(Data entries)
▼

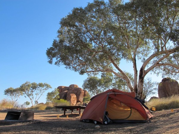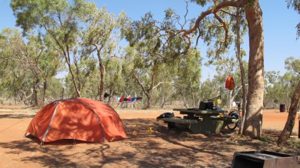 Auf dem Curtin Spring Camp Ground kann man kostenlos Übernachten. Nur Duschen kostet 3$ , das finde ich prima. Nach dem Abendessen, was ich mir koche, schlafe ich tief und fest.
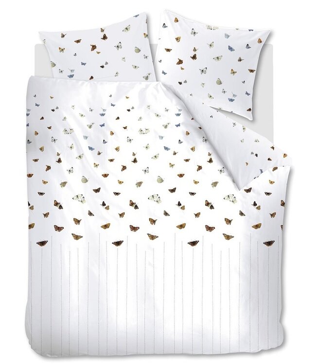Marjolein Bastin Mariposa Multi dekbedovertrek is geïnspireerd op de sfeervolle en landelijke tekeningen van Marjolein Bastin. Dit dekbedovertrek voegt een romantische sfeer toe aan de slaapkamer. Kleurrijke vlinders in tinten zoals oranje. bruin. wit en blauw fladderen speels alle kanten op en komen prachtig uit op de frisse. witte ondergrond. De getekende stippellijntjes aan de onderkant geven een verfijnde finishing touch. Duurzame verpakking In het kader van duurzaamheid bestaat de verpakking uit een kartonnen banderol. De banderol heeft een uitsnede. zodat je de stof gemakkelijk kan voelen en het dessin kan zien. De banderol kan worden weggegooid met het oud papier voor recycling.Kwaliteit Het dekbedovertrek is gemaakt van 100% katoen. 144 TC. Het overtrek heeft over de gehele breedte aan beide zijden een dubbele instopstrook. De totale lengte van het dekbedovertrek is 240 cm. Het overtrek is geschikt voor dekbedden van 200 cm. 210 cm of 220 cm. Better Cotton Dit product is geproduceerd door Bedding House. exclusief voor Marjolein Bastin. Door katoenproducten te kiezen van ons. steunt u onze investering in de missie van Better Cotton. Dit product is ingekocht via een mass balance systeem en bevat daardoor mogelijk geen Better Cotton. Zie bettercotton.org/learnmore.
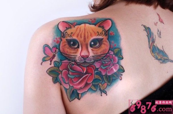 可爱猫咪头像玫瑰纹身_玫瑰花纹身图案大全_纹身图吧
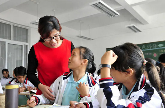1992年9月的東山鄉(xiāng)中心學(xué)校,老師敲擊汽車輪轂代替上課鈴聲。新華社記者陳燮攝
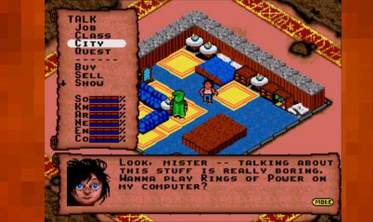 Rings of Power (Not related to the Amazon prime show based on JRR Tolkien’s Lord of the Rings) took inspiration from many places, Dungeons and Dragons, religious texts, The Lord of the Rings (Purely the books), Star Wars, and any number of tropes that existed during the nineties era of table-top roleplaying. But it wanted to do them on the Sega Genesis (Or the Megadrive to folks like me in Europe), early in its life too. It was released in January 1992. Imagine Ellie and Joel having a conversation and randomly coming out with this:
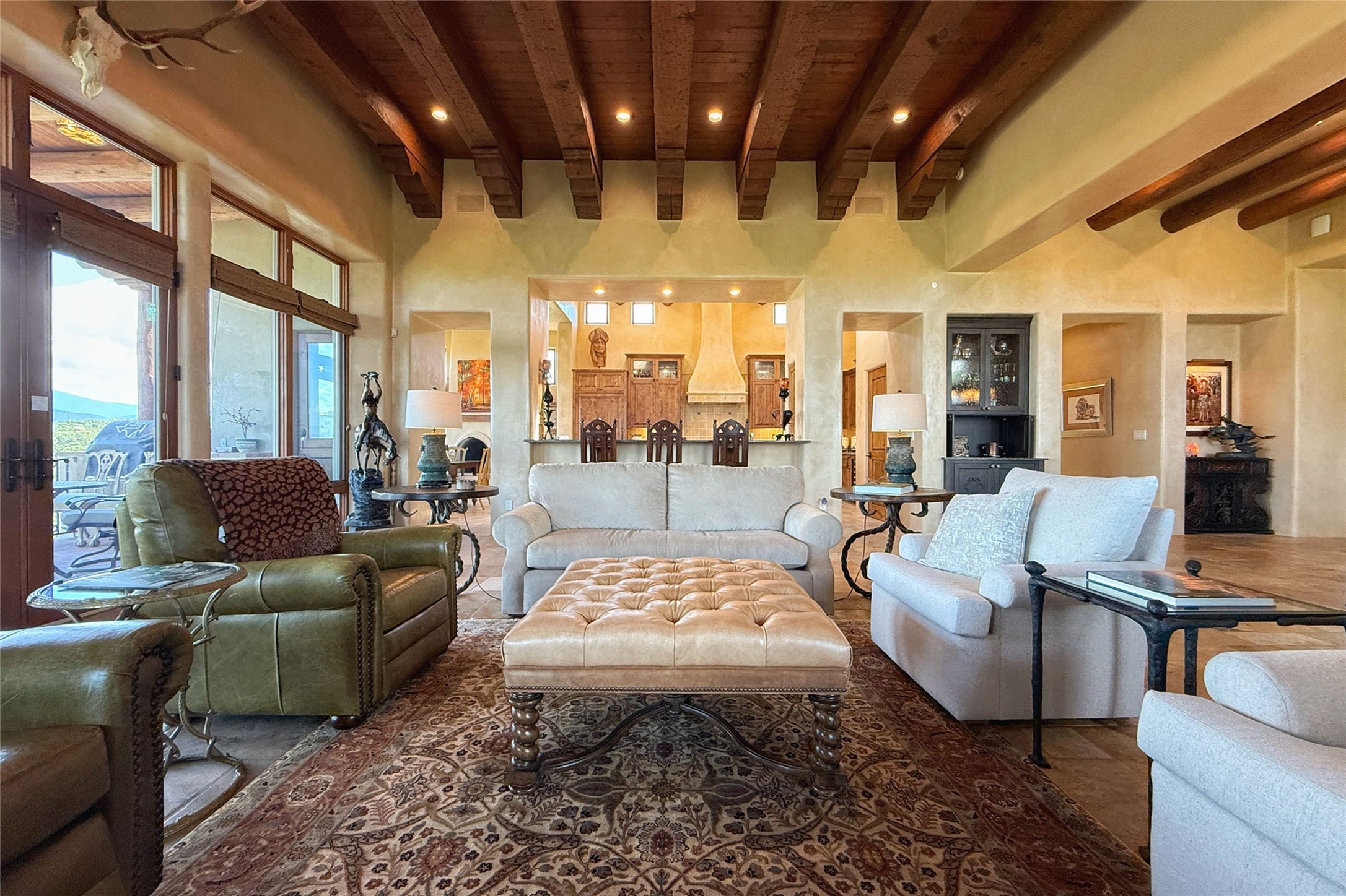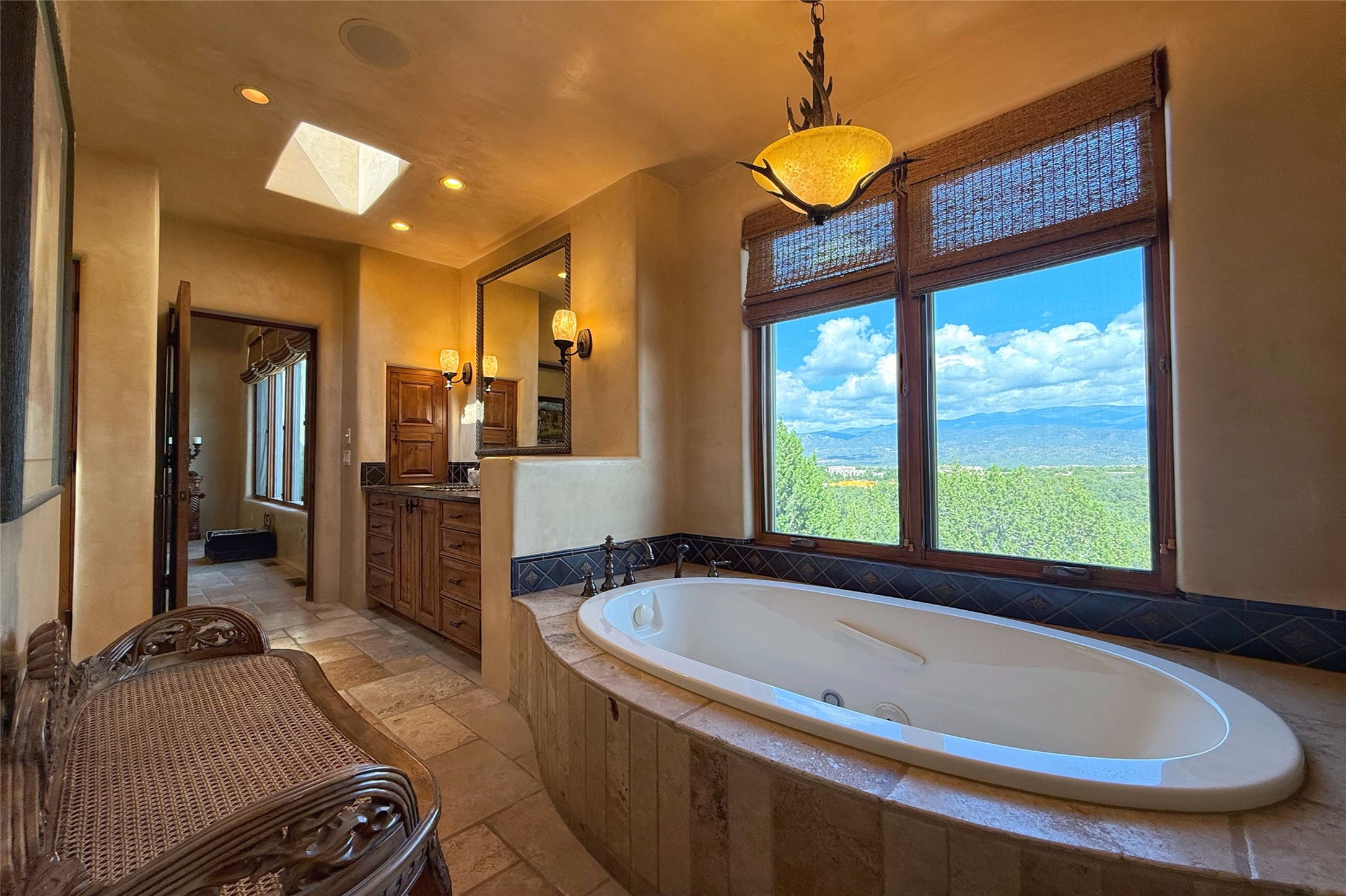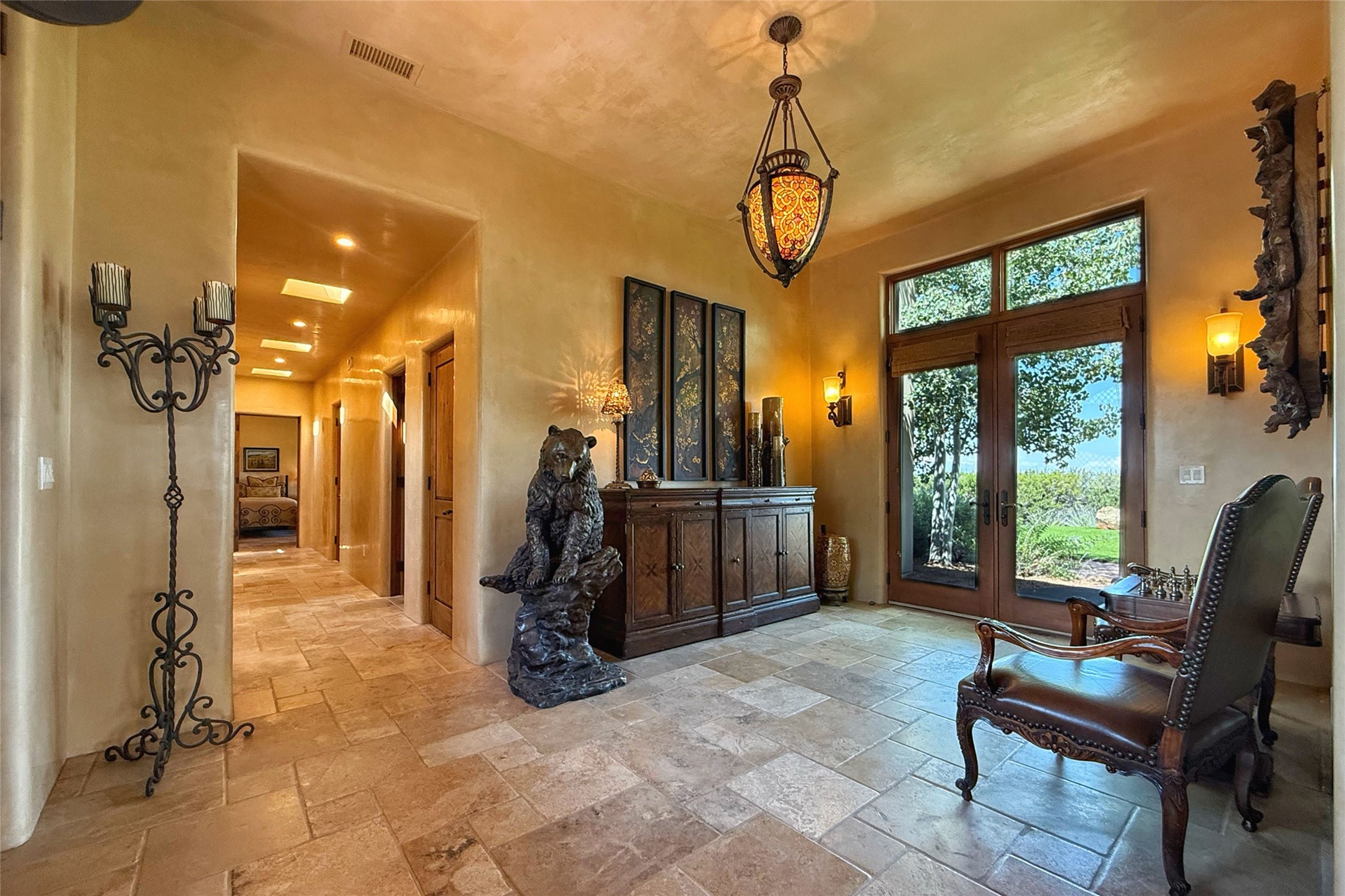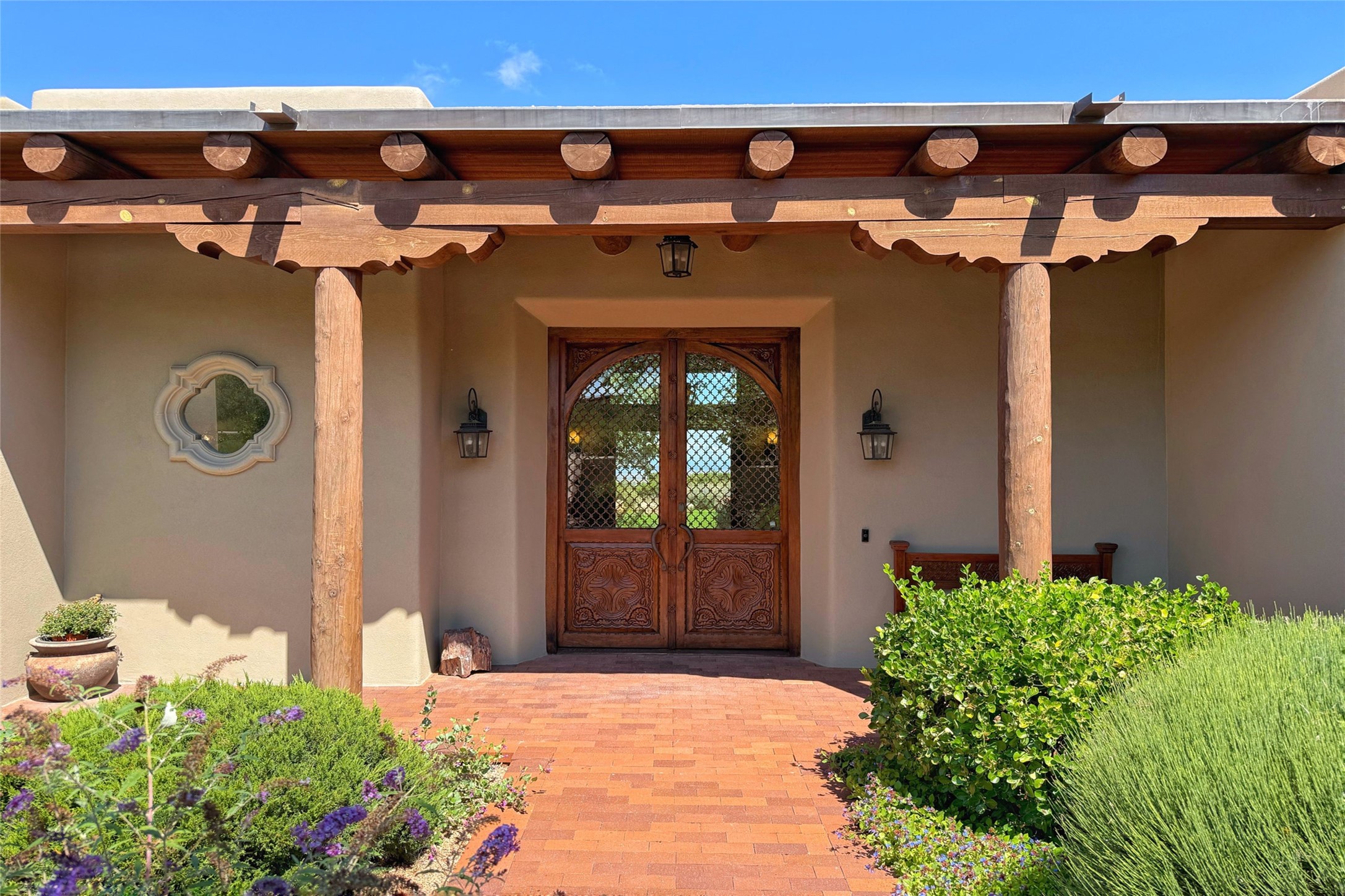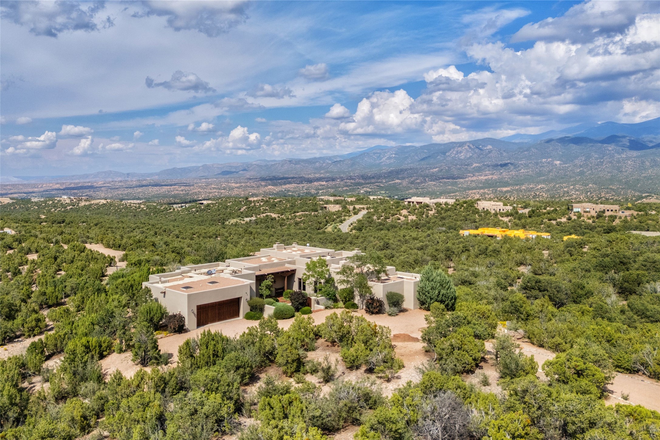 Welcome to Casa de Vistas Infinitas, a stunning home that beautifully blends rustic elegance with timeless Santa Fe charm. Set in a peaceful location with full sweeping views covering the Jemez mountains to the west, the badlands to the north, and Sangre de Cristo mountains to the east, this residence by Sharron Woods captures the absolute best of Northern New Mexico living. With diamond plaster finishes, and Italian travertine floors, every detail speaks to quality and enduring craftsmanship. Enter through double wood carved doors by Seret and Son into a foyer that sets the tone with views of the back garden and mountain ranges that stretch for miles. The living room is a showcase of light and views, with large windows framing Sangre mountain sunrise vistas, a carved stone fireplace, and adjoining eastern-facing portal featuring an outdoor wood burning kiva and a built-in grill.The spacious kitchen is both functional and inspiring, featuring custom cabinetry, leather finish "Cosmos" granite countertops, Wolf appliances and clerestory windows. The gas fireplace in adjoining breakfast-nook creates a warm and inviting gathering space. The primary suite is a true retreat. Enter through another set of beautifully carved wood doors, into a cozy space with a gas fireplace, and more breathtaking Sangre mountain views. The luxurious primary bath is finished in travertine, with more views from the soaking tub. A private office provides front courtyard access, while the guest suites offer tranquil back garden views and luxurious Michelangelo marble bathrooms. Outdoor living is designed for year-round enjoyment. From the serene courtyard entry to the wrap around portal and back garden dotted with Aspens that overlooks endless mountain rangesThoughtfully designed and impeccably finished, this home is more than a residence--it is a sanctuary offering privacy, beauty, and elegance just minutes from the heart of Santa Fe.
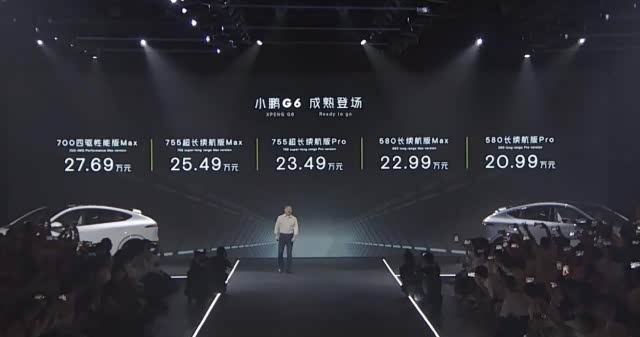 6月29日,小鹏G6宣布正式上市,新车共推出5款车型,售价区间为20.99-27.69万元。官方表示,新车基于800V架构打造,提供XNGP智能辅助驾驶系统。

▲

What to work on - Copy word for word the lines above, starting at the line containing "1992年9月的東山鄉(xi" and ending at the line containing "Rings of Power", inclusive, with no pictures.

Your response -
1992年9月的東山鄉(xiāng)中心學(xué)校,老師敲擊汽車輪轂代替上課鈴聲。新華社記者陳燮攝
 Rings of Power (Not related to the Amazon prime show based on JRR Tolkien’s Lord of the Rings) took inspiration from many places, Dungeons and Dragons, religious texts, The Lord of the Rings (Purely the books), Star Wars, and any number of tropes that existed during the nineties era of table-top roleplaying. But it wanted to do them on the Sega Genesis (Or the Megadrive to folks like me in Europe), early in its life too. It was released in January 1992. Imagine Ellie and Joel having a conversation and randomly coming out with this:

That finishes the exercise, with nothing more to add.